C++ 搜索引擎 Searcher 模块源码解析：正倒排索引实现

C++ 搜索引擎 Searcher 模块源码解析正倒排索引实现。该模块负责处理用户搜索请求，通过单例模式管理索引，利用 Jieba 分词并结合倒排索引获取候选文档。核心流程涵盖触发查询、哈希去重合并权重、按权值排序及构建正向索引返回结果。摘要生成函数支持关键词定位与上下文截取，最终通过 JsonCpp 将搜索结果序列化为标准 JSON 格式返回给前端。涉及数据结构优化与内存管理细节。

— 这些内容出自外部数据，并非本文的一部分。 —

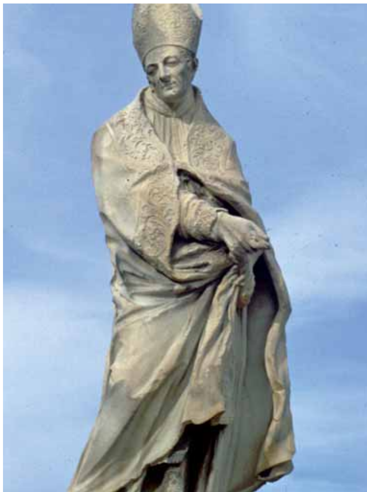
Fig. 1. Santo Tomás de Villanueva. Giacomo Antonio Ponsonelli.

La siguiente intervención de Antonio Pontons en cuestiones municipales que lo relaciona con la República de Génova se vincula con el proyecto de construcción de un muelle de piedra en el Grao de Valencia con el objeto de crear un puerto para la ciudad. De nuevo en este caso encontramos la presencia del círculo de los novatores valencianos 14 algunos de los cuales ya habían coincidido con Pontons en las obras del río. De hecho, en la comisión inicial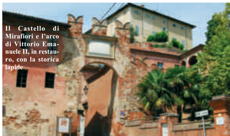
Il Castello di Miraffiori e l'arco di Vittorio Emanuele II, in restauro, con la storica lapide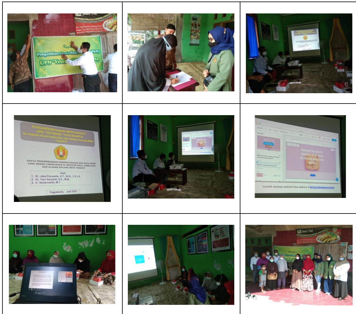
Gambar 7. Dokumentasi pelaksanaan Pengabdian bagi Masyarakat

Dokumentasi terkait pelaksanaan PbM tersebut adalah sebagai berikut: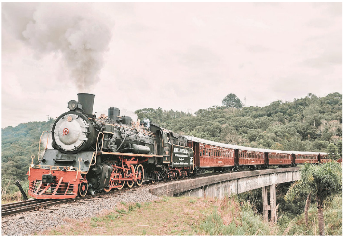
Passeio de Maria Fumaça, que engloba as cidades de Garibaldi e de Carlos Barbosa, é um dos prediletos pelos visitantes da cidade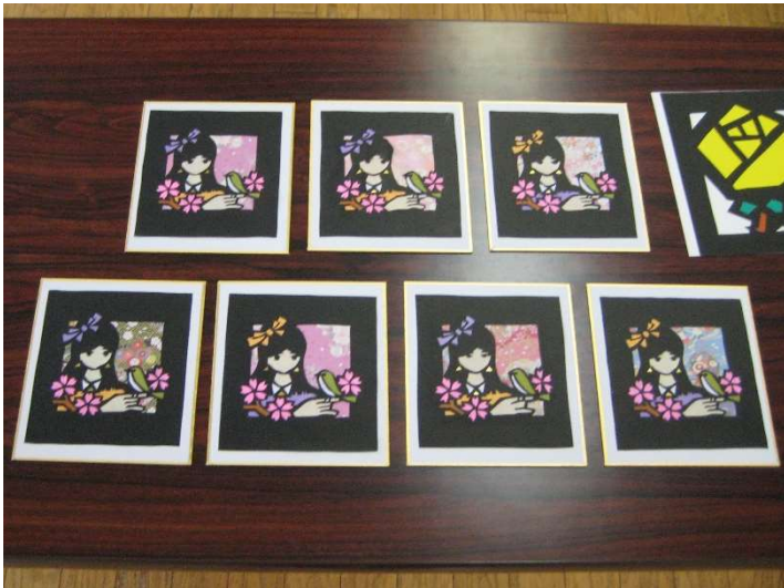
↑それぞれ春らしい切り絵が完成

涅槃凤凰发布于 2026/3/29更新于 2026/4/252 浏览

Searcher 类作为上层封装，依赖底层索引文件实现具体业务逻辑。核心职责是处理用户搜索词，并根据匹配结果返回网页信息。

1. 单例模式

初始化阶段采用单例模式管理索引对象，确保全局唯一性并构建正倒排索引。

private:
    ns_index::Index* index;
public:
    Searcher(){}
    ~Searcher(){}
public:
    void InitSearcher(const std::string& input) {
        // 1. 创建（获取）一个 index 对象
        // 在这里我们用的是单例模式
        index = ns_index::Index::GetInstance();
        // 2. 根据对象建立索引
        index->BuildIndex(input);
        LOG1(NORMAL, "建立索引成功...");
    }

2. Search

该函数的主要流程包括分词、触发查询、合并排序和构建 JSON 结果四个步骤。

2.1 分词

首先创建字符串向量存储分词结果，使用 Jieba 工具将用户提供的关键字分词并交给 words 容器。

2.2 触发

从单例索引中获取倒排列表，通过 index->GetInvertedList(w) 获取关键词对应的倒排索引列表，存入哈希表 tokens_map。由于哈希结构特性，可自动实现去重。调用 boost::to_lower 统一转为小写，避免大小写区分导致的关键字失效。

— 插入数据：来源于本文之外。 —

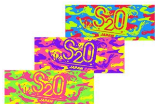
フェイスタオル PRICE:1500円(税込)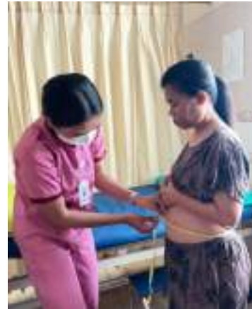
Pengukuran lingkaran perut

遍历倒排列表时，元素引用直接操作哈希表中的节点，避免重复查找提高效率。

2.3 合并

将处理好的倒排数据统一存入 inverted_list_all，利用 vector 访问更方便的特性，接着根据权重进行从大到小排序。

注：代码中频繁提及正排与倒排索引，但核心都关联到 inverted_list_all。它是对多个倒排拉链进行'去重、合并、排序'后的候选文档集合，是连接'索引查询'和'结果返回'的中间数据结构。

2.4 构建 JSON

最后进行序列化，将内存中的 JSON 对象转换为标准传输格式。此处使用 JsonCpp 库的非标准库实现，无需手动编写序列化逻辑。将单个序列化的结果追加到根节点 root，最终通过 StyledWriter 写入可读性强的 JSON 字符串。

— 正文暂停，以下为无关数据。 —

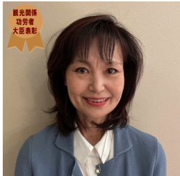
国土交通省 観光関係功労者大臣表彰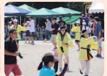
「宮崎城址音頭」の披露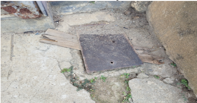
Contador de Agua

// query 为搜索关键字，json_string 是返回给用户的搜索结果
void Search(const std::string& query, std::string* json_string) {
    // 1. 分词
    std::vector<std::string> words;
    ns_util::JiebaUtil::CutString(query, &words);

    // 2. 触发
    std::vector<InvertedElemPrint> inverted_list_all; // 用来存放去重后的关键字
    std::unordered_map<uint64_t, InvertedElemPrint> tokens_map; // 哈希用于去重

    for (std::string w : words) {
        boost::to_lower(w); // 忽略大小写
        ns_index::InvertedList* inverted_list = index->GetInvertedList(w);
        if (inverted_list == nullptr) continue;

        for (const auto& elem : *inverted_list) {
            auto& item = tokens_map[elem.doc_id];
            // []:如果存在直接获取，如果不存在新建
            // item 一定是 doc_id 相同的 print 节点
            item.doc_id = elem.doc_id;
            item.weight += elem.weight;
            item.words.push_back(elem.word);
        }
    }

    // 3. 合并
    for (const auto& item : tokens_map)
        inverted_list_all.push_back(std::move(item.second));

    std::sort(inverted_list_all.begin(), inverted_list_all.end(),
              [](const InvertedElemPrint& e1, const InvertedElemPrint& e2) {
                  return e1.weight > e2.weight;
              });

    // 4. 构建
    Json::Value root;
    for (auto& item : inverted_list_all) {
        ns_index::DocInfo* doc = index->GetForwardIndex(item.doc_id);
        if (doc == nullptr) continue;
        Json::Value elem;
        elem["title"] = doc->title;
        elem["desc"] = GetDesc(doc->content, item.words[0]);
        elem["url"] = doc->url;
        root.append(elem);
    }

    Json::StyledWriter writer;
    *json_string = writer.write(root);
}

3. GetDesc

此函数负责生成摘要，即在 HTML 内容中查找是否出现关键词。若找到，截取关键词前后指定长度的内容；若未找到或长度不足，则返回空值。边界检查防止越界访问。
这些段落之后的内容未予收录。